**Data shown:**
****************************************
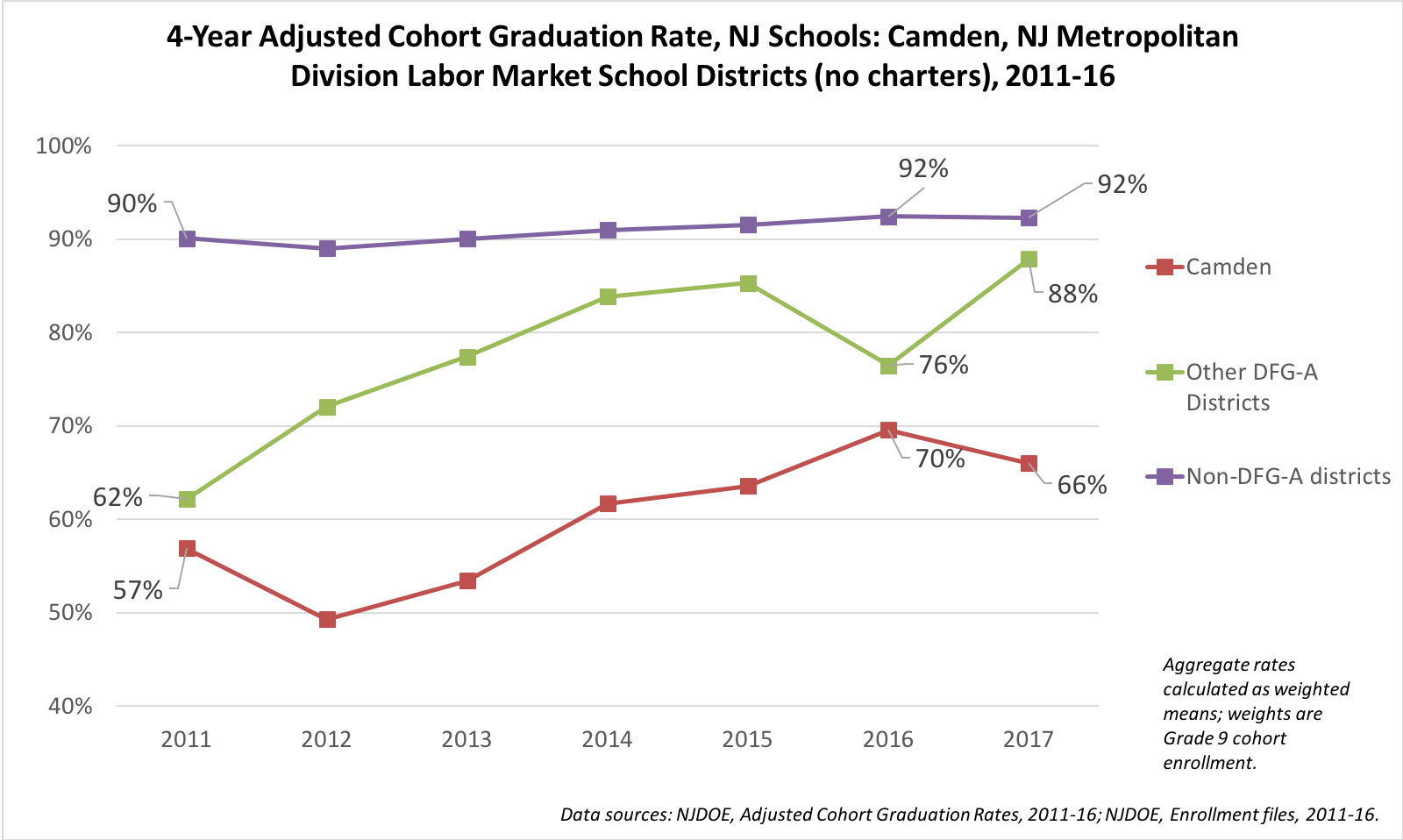 To determine which districts we should compare to Newark and Camden, I use the state's District Factor Groups (DFGs). Districts in the same DFG have similar socio-economic profiles; both Camden and Newark are DFG-A districts. The state began a new way of reporting graduation rates in 2011, so that's the baseline year. You can find all the rest of the technical information in the brief.
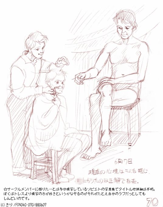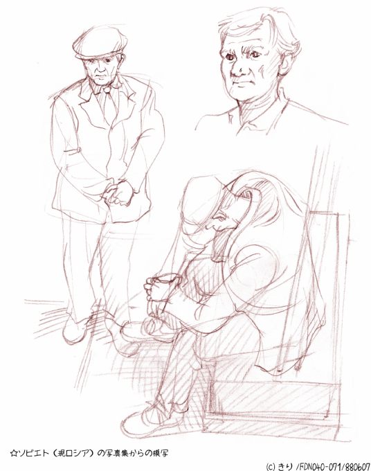 ☆ らくがき ☆ <FDN040・1988> ソビエトの写真集模写続き 模写もまぁいいよね〜とか思うのよ。少なくともトレスよりは面白い。まぁもっと面白いのがスケッチだけど人物スケッチは今はモデル雇わないといけないくらい状況悪化してる。街角で人物スケッチは確実に逮捕案件_| ̄|○ なんかそれ戦時中みたいだが世の中それだけヤバくなってるのも事実。
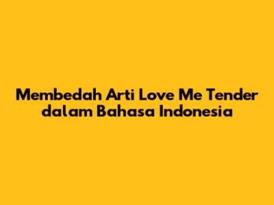 Membedah Arti 'Love Me Tender' Dalam Bahasa Indonesia
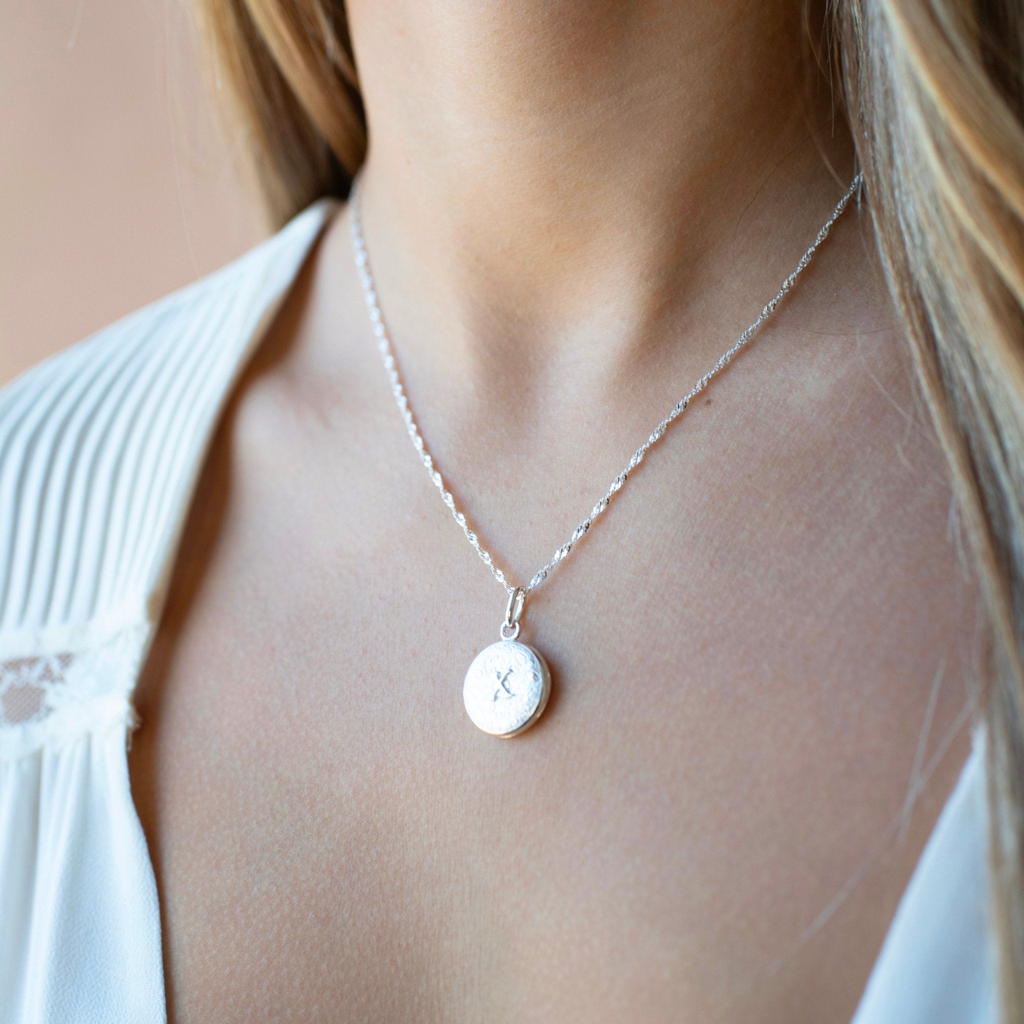 Celebrate your story or give a meaningful gift with this vintage monogram locket that’s personalized with your letter or theirs. Whether it’s your initial, a loved one’s, or a family name that holds meaning, this locket is designed to hold what matters most: memories, photos, and keepsakes close to your heart. It isn't just jewelry, it's a sentimental statement and heirloom made to be cherished for years to come. Each locket comes with a monogram postcard, perfect for adding a handwritten message or framing as a keepsake.
****************************************
**What you should do:** Only the lines between the one containing "Membedah Arti 'Love" and the last line of the listing above, both included, should be written out, exactly and without pictures.

**Result for this task:**
 Membedah Arti 'Love Me Tender' Dalam Bahasa Indonesia
 Celebrate your story or give a meaningful gift with this vintage monogram locket that’s personalized with your letter or theirs. Whether it’s your initial, a loved one’s, or a family name that holds meaning, this locket is designed to hold what matters most: memories, photos, and keepsakes close to your heart. It isn't just jewelry, it's a sentimental statement and heirloom made to be cherished for years to come. Each locket comes with a monogram postcard, perfect for adding a handwritten message or framing as a keepsake.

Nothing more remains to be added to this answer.